Gone are Duke juniors Jay Williams and Mike Dunleavy, early NBA entrants who were selected with the second and third picks overall, and Carlos Boozer. Gone from defending champion Maryland are sophomore Chris Wilcox, a first-round NBA pick, and seniors Juan Dixon, Lonny Baxter and Byron Mouton.

Virginia lost do-everything guard Roger Mason, North Carolina State bid farewell to guard Anthony Grundy, Wake Forest lost forward Darius Songaila and even North Carolina, which suffered through its worst season in ages, is without nationally respected forwards Jason Capel and Kris Lang.

In their place is a cast of lesser-knowns, including undersized Virginia forward/center Travis Watson, Duke point guard Chris Duhon, Maryland point guard Steve Blake and Wake Forest forward Josh Howard.

"I think you have some people who didn't get a lot of attention the past few years," Maryland coach Gary Williams said. "But I think you will see people emerge pretty quickly."

Maybe, Virginia coach Pete Gillen said, it will be a freshman such as UNC's Raymond Felton.

Maybe it will be a Duke freshman: Shelden Williams, Shavlik Randolph or J.J. Redick.

Maybe it will be Florida State junior college transfer Tim Pickett.

"I think the league will have star power, you just don't know who all of them are yet," Duke coach Mike Krzyzewski said. "To watch them emerge is a different story and one that will be watched closer than in the past."

NAME IS FAMILIAR, BUT ... : First-year Valparaiso coach Scott Drew has a difficult job, keeping the program among the elite. In the past eight years, Valpo has won seven regular-season Mid-Continent Conference titles and has reached the NCAA Tournament six times.
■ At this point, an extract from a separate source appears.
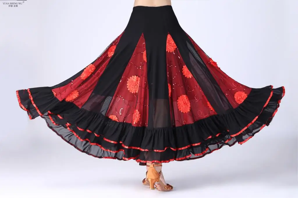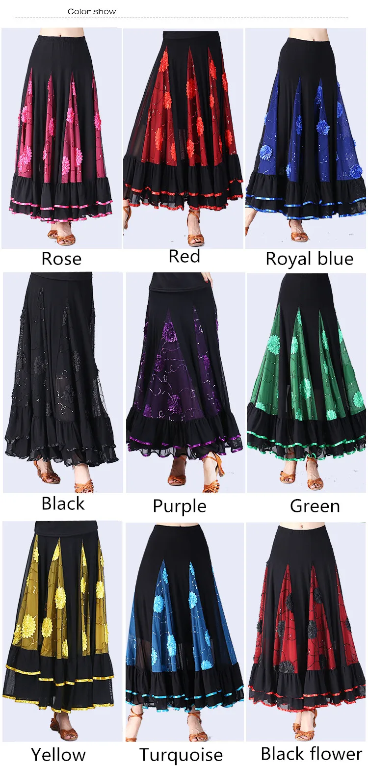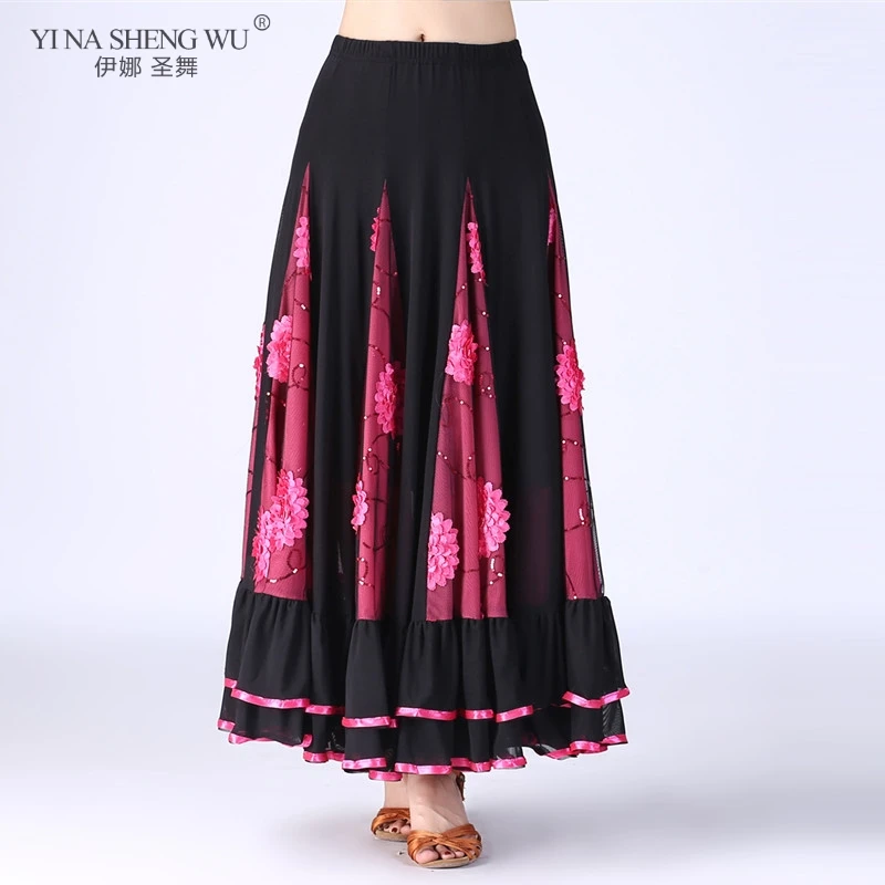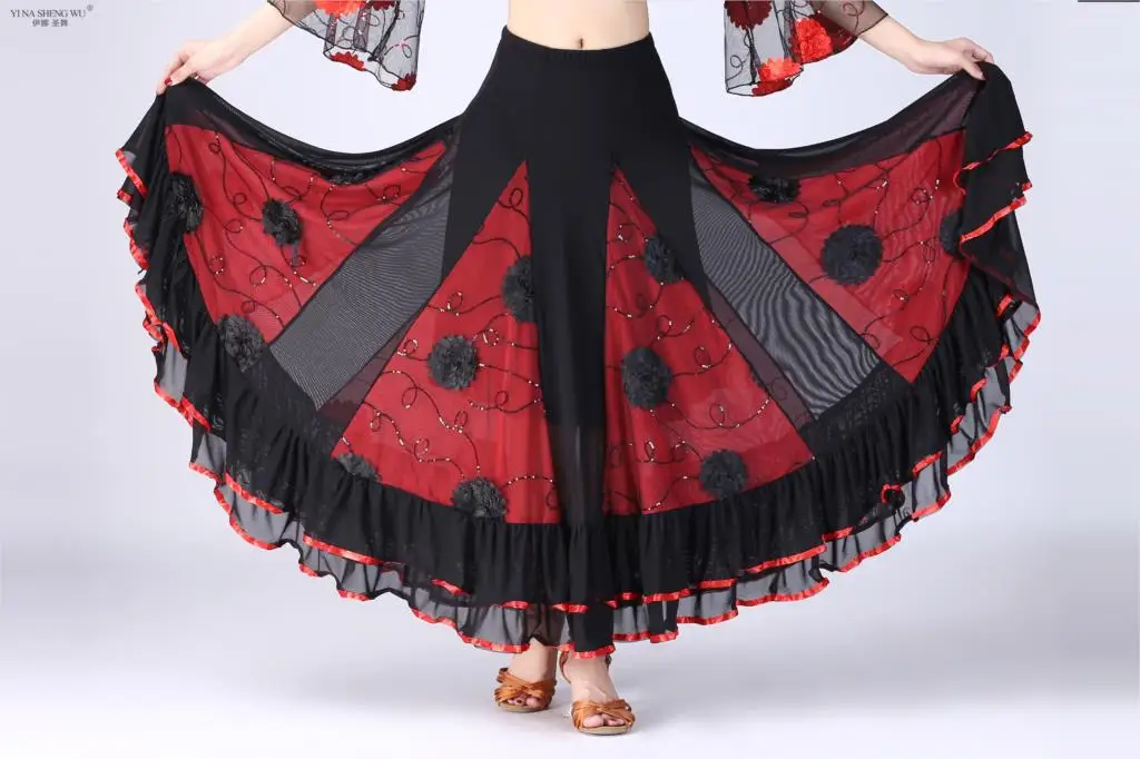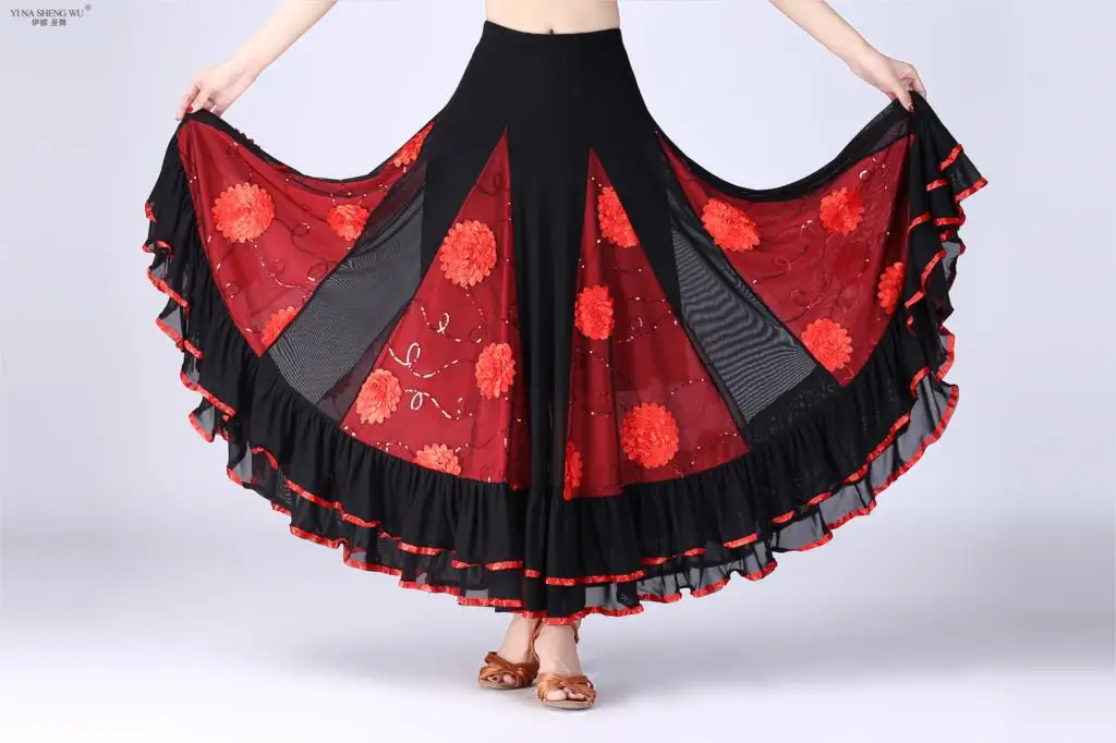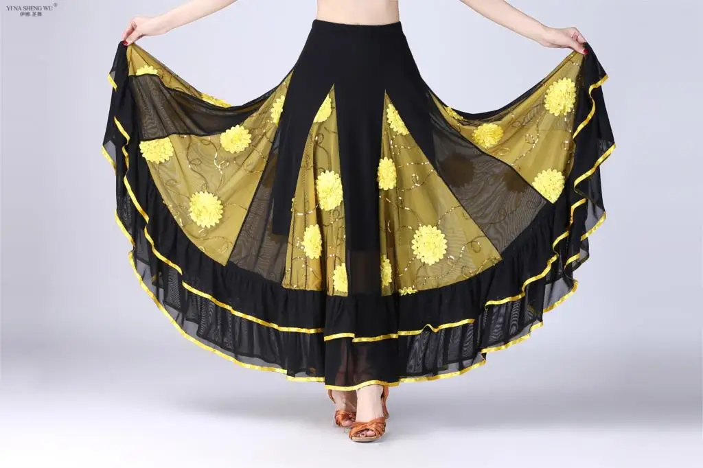Женская длинная юбка для танца живота, 9 видов цветов юбка для танцев, Цыганская юбка для выступлений, женское платье для танцев, длинная испанская юбка

If Drew doesn't, he's apt to hear comparisons with the former coach, Homer Drew.

His dad.

"If it's someone you don't know, there's a little jealousy and competitiveness that does go with it," Scott Drew said of following a highly successful coach. "But when it's someone like your dad, any time anyone says something about how we've done it in the past, I take it as compliment to him and what we've done here."

The Mid-Continent coaches put even more pressure on the younger Drew by picking Valpo to win the league title again.

BAKER'S DOZEN: With 13 wins, Texas Tech coach Bobby Knight will reach 800. Three other Division I coaches have hit that milestone: retired UNC coach Dean Smith (879), late Kentucky icon Adolph Rupp (876) and still-active Jim Phelan of Mount St. Mary's (819).

DO YOU KNOW ME?: Not many folks recognize Virginia Military sophomore guard Jason Conley. But he's the nation's top returning scorer (29.3 ppg) and the Southern Conference player of the year. Where's American Express when you need it?

GIVE HIM TIME: Stan Heath's rookie season as coach at Kent State began rocky enough. The Flashes were 4-4 but then embraced Heath's system and demands (rebound and defend) and finished 30-6 and one step from the Final Four. He's now at Arkansas, taking over for Nolan Richardson, so Razorback fans ought to be a patient if their team doesn't burst from the gate.

FINAL FOUR PREVIEW?: Here are a few nonconference games that might offer a preview of April in the Superdome: Xavier at Alabama on Jan. 4, UConn at Oklahoma on Jan. 7 and Arizona at Kansas on Jan. 25.